The New Disruptors

‘It began with Mr Shah’s data obsession. “I started looking around at data for fun, to see what people were searching for and buying online,” he told me. “I looked at flip-flops.”

“Then I typed in ‘slippers’, and the search volumes were 60 per cent higher than for flip-flops, a £4bn industry. Yet I couldn’t name a single slipper brand.”’

 

It’s been hard to miss Mahabis  – ‘The slipper. Reinvented.’ – thanks to its ‘relentless’ online campaign since its launch three years ago. As the FT reports in its recent profile of Mahabis founder and ‘unlikely slipper magnate’, 35 year old Ankur Shah, Mahabis – producing a hybrid inside-outside slipper-shoe, thanks to a detachable sole – ‘turned over £1.5m in its first year, £10m in its second and is heading for £18m in this, its third’, and is now selling 500 pairs a day.

 

Shah is part of a new breed of product entrepreneurs using technological insight, social marketing, and accessible supply chains to reinvent industries – with staggering results.
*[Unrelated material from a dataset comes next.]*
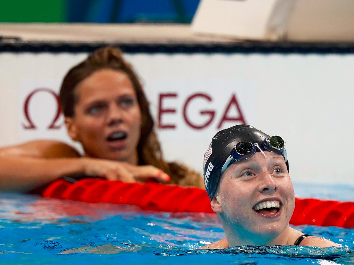 Different reactions from USA’s Lilly King and Russia’s Yulia Efimova as they look at their times.
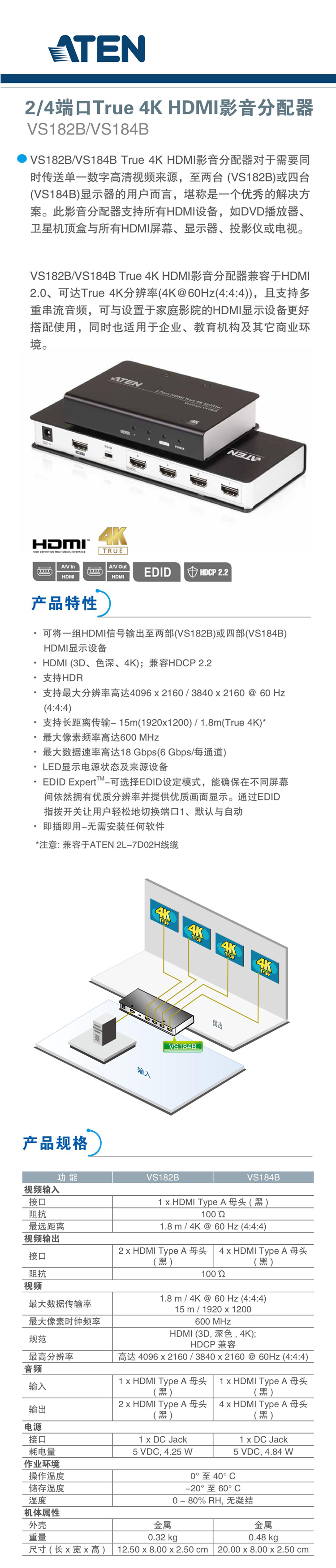 成都 ATEN宏正 VS182B 2端口HDMI 影音分配器 2-Port True 4K HDMI Splitter

By first using search engines to reveal an in-demand yet unbranded space; collapsing the line between home and work to befit the millenial workspace; and harnessing the design capabilities of 3D printing and factory outsourcing, he had a powerful niche. On its first day, Mahabis had 10,000 orders.

 

Another phenomenal disruptor in this vein is Dollar Shave Club: this time, toppling the brand giants of a space, instead creating one. In July, it hit headlines after selling to Unilever for $1bn – reinventing the overserved, overpriced, practically-monobrand men’s razor industry with a simple proposition: high quality razors, delivered to your home, every month, for $1.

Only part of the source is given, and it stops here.